The Middle East Plague Goes Global - Rickasaurus
http://www.foreignpolicy.com/articles/2013/06/28/the_middle_east_plague_goes_global?page=full

======
nakedrobot2
To avoid the hassle of signing up with a fake email address, here is the
article. Split into 3 parts to avoid the maximum comment length on HN.

Part 1:

When the Black Death exploded in Arabia in the 14th century, killing an
estimated third of the population, it spread across the Islamic world via
infected religious pilgrims. Today, the Middle East is threatened with a new
plague, one eponymously if not ominously named the Middle East respiratory
syndrome (MERS-CoV, or MERS for short).
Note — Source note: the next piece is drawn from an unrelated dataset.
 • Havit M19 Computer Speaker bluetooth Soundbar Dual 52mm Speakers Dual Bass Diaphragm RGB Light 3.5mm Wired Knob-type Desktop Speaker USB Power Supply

This novel coronavirus was discovered
in Jordan in March 2012, and as of June 26, there have been 77 laboratory-
confirmed infections, 62 of which have been in Saudi Arabia; 34 of these Saudi
patients have died.

Although the numbers -- so far -- are small, the disease is raising anxiety
throughout the region. But officials in Saudi Arabia are particularly
concerned.

This fall, millions of devout Muslims will descend upon Mecca, Medina, and
Saudi Arabia's holy sites in one of the largest annual migrations in human
history. In 2012, approximately 6 million pilgrims came through Saudi Arabia
to perform the rituals associated with umrah, and this number is predicted to
rise in 2013. Umrah literally means "to visit a populated place," and it's the
very proximity that has health officials so worried. In Mecca alone, millions
of pilgrims will fulfill the religious obligation of circling the Kaaba. And
having a large group of people together in a single, fairly confined space
threatens to turn the holiest site in Islam into a massive petri dish.

The disease is still mysterious. Little is understood about how it is
transmitted and even less regarding its origins. But we do know that MERS is
deadly, with a mortality rate of about 55 percent -- a remarkably higher
lethality than that posed by its close cousin, the severe acute respiratory
syndrome (SARS) virus, which in 2003 terrified travelers across the globe but
posed a fatality rate of only 9.6 percent. The MERS coronavirus is new to our
species, so mild and asymptomatic infections seem to be rare, but the human
immune response to infection is itself so extreme that it can prove deadly in
some cases.

Like SARS, the MERS virus spreads between people via close contact, shared
medical instruments, and coughing. Once inside the human lung, the MERS virus
sparks a series of reactions that all but destroy normal lung function.
Patients can descend into pneumonia so severe that they require machine-
assisted breathing to stay alive, in as little as 12 days. Unlike SARS, the
MERS virus is also capable of attacking the kidneys and can be passed on to
others via exposure to contaminated urine. And for some of those who survive
acute MERS, years of rehabilitation may be necessary, just like for some of
the 2003 SARS victims.

And like back in 2003, when health officials worried about airplane travelers
in confined spaces transmitting the virus across the globe, the hajj poses a
unique risk of transmission, one that could catapult this still-small outbreak
into a full-fledged pandemic. Containment will become nearly impossible as
millions of pilgrims flock from virtually every country on the globe to the
kingdom during the holy month. Indeed, MERS has already crossed continents;
two suspected cases were reported in France as recently as June 12, and
confirmed cases have been reported in Germany and Britain. The first patient
in each of these cases had traveled in the Middle East before reaching his/her
home destination, only then to be diagnosed with MERS.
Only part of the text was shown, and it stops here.